Fedra é pior que víbora!

Fedra é pior que víbora!

CORO DE MULHERES

Que culpa tem, se Afrodite

Teceu o destino da paixão?

Ninguém se dá a sua vida,

Ninguém escolhe a sua morte.

CORIFEU

Mas vede como sofre Teseu!

(Teseu entra em cena e fala consigo mesmo)

TESEU

Um pai responde por um filho?

De que adianta tudo o que se faz,

Se os filhos serão sempre o que os deuses quiserem?

Para quê fazer filhos,

Se nos serão sempre menos que a nossa própria sombra?

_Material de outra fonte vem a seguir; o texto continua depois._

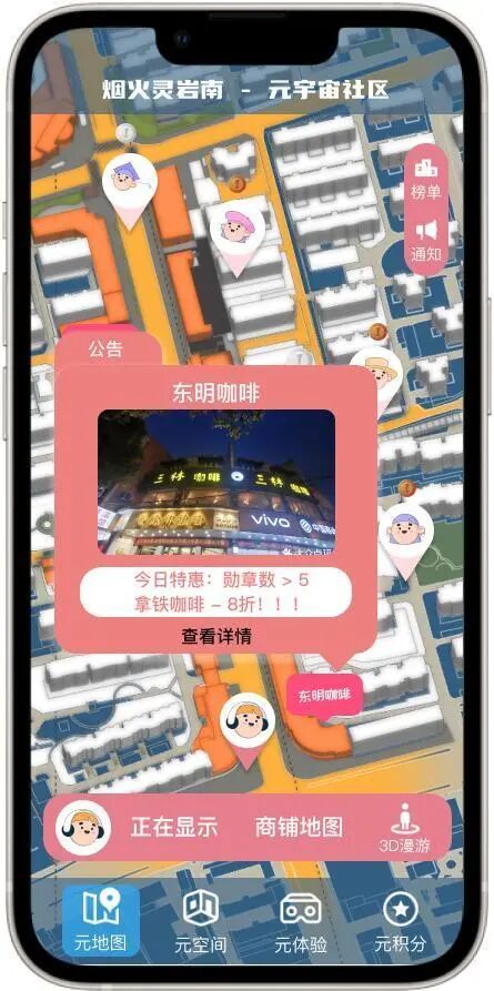 在元宇宙社区中,用户可以查看商户信息和优惠活动,了解街道公共活动安排。以虚拟形象在数字孪生社区中穿行了解周边信息,或是打开摄像头通过AR技术和实景街区中的各个场景互动,元宇宙的使用吸引了众多青年的注意力,让他们从最初的不感兴趣到有所关注,再进一步成为志愿者甚至社区达人。
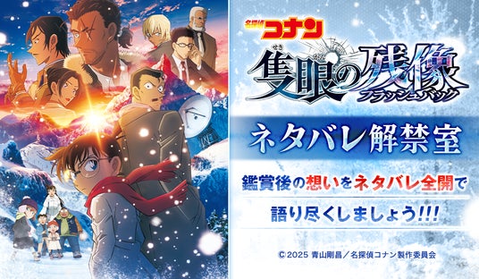 and factory株式会社(本社:東京都目黒区、代表取締役社長:青木倫治、以下and factory)と、株式会社 小学館(本社:東京都千代田区、代表取締役社長:相賀信宏、以下小学館)が共同運営するマンガアプリ「サンデーうぇぶり」では、劇場版『名探偵コナン 隻眼の残像』の公開を記念し、サンデーうぇぶりアプリ限定で“ネタバレ解禁室”がオープンしました。映画の印象的な場面カットとともに、ネタバレOKなファン同士の熱い語り合いが楽しめる期間限定コンテンツです。
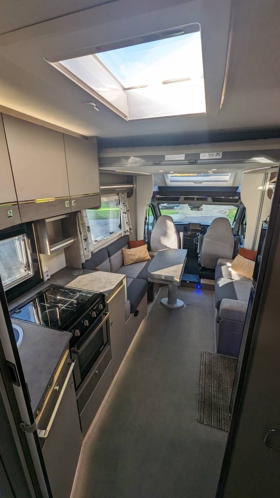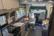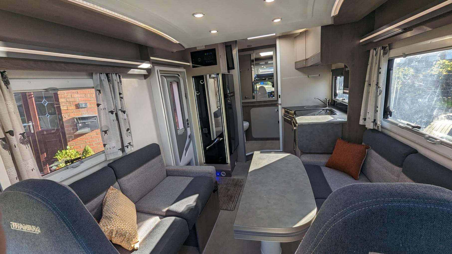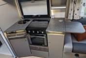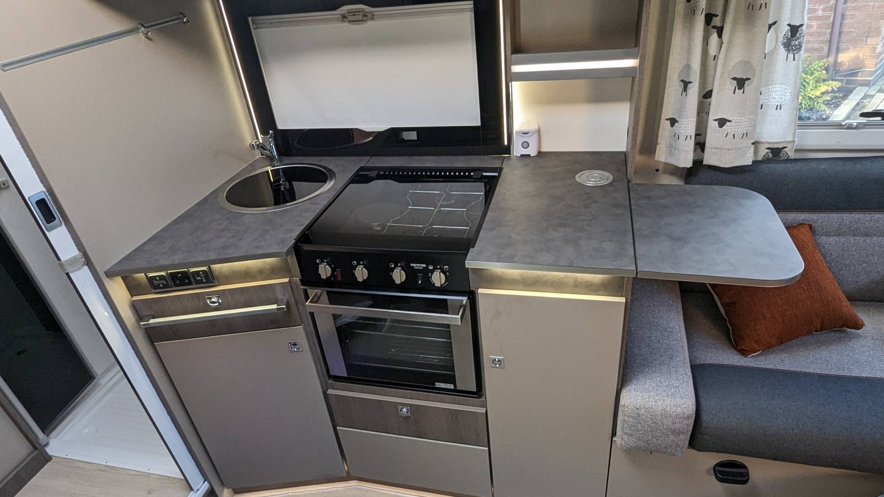 In the heart of the motorhome, explore the kitchen area. Ample Cupboard Space ensures you have all your kitchen essentials, and the 1 Electric Burner and 2 Gas Burners offer versatile cooking options. The Grill and Oven invite culinary adventures, and the Sink with Mixer Tap makes clean-ups a breeze. Pop-Up 3 x 3-Pin UK Plug Sockets and 2 x USB Ports cater to all your charging needs, and the Extra Pop-Up Kitchen Workspace adds convenience.

Quem fará chegar o mal a um coração

E porquê, porquê?

E existirá maior mal do que um pai assistir à sua vida cair na lama

Pela acção de um filho?

Os tempos passados foram iluminados por desastres

E os futuros não serão melhores.

Porque teimamos ainda em prolongar a vida,

Através de novas gerações?

Com que forças hei-de agora mandar prender meu filho,

Condená-lo ao exílio,

Para se arrastar por terras desconhecidas sem nada

E sem ser nada entre essas gentes?

O exílio é pior que a morte!

É morrer todos os dias

E saber que se vai morrer sempre mais no dia seguinte.

Mas não matar um filho que merece a morte,

Concede-nos sempre um horizonte de espera que o mundo mude.

O mundo não muda, mas enquanto se espera pode mudar.

Mando Hipólito para mil mortes,

Mas fico com o coração nas amuradas da espera de que algo mude,

De que nada seja como tem sido.

Estas vãs mãos mortais,

Que nada podem fazer de verdadeiramente importante!

(entram guardas em cena)

CHEFE DOS GUARDAS

Mandaste-nos chamar, rei?

TESEU

Mandei, sim! Vão nos aposentos de Hipólito e prendam-no! E tragam-mo aqui, feito já prisioneiro.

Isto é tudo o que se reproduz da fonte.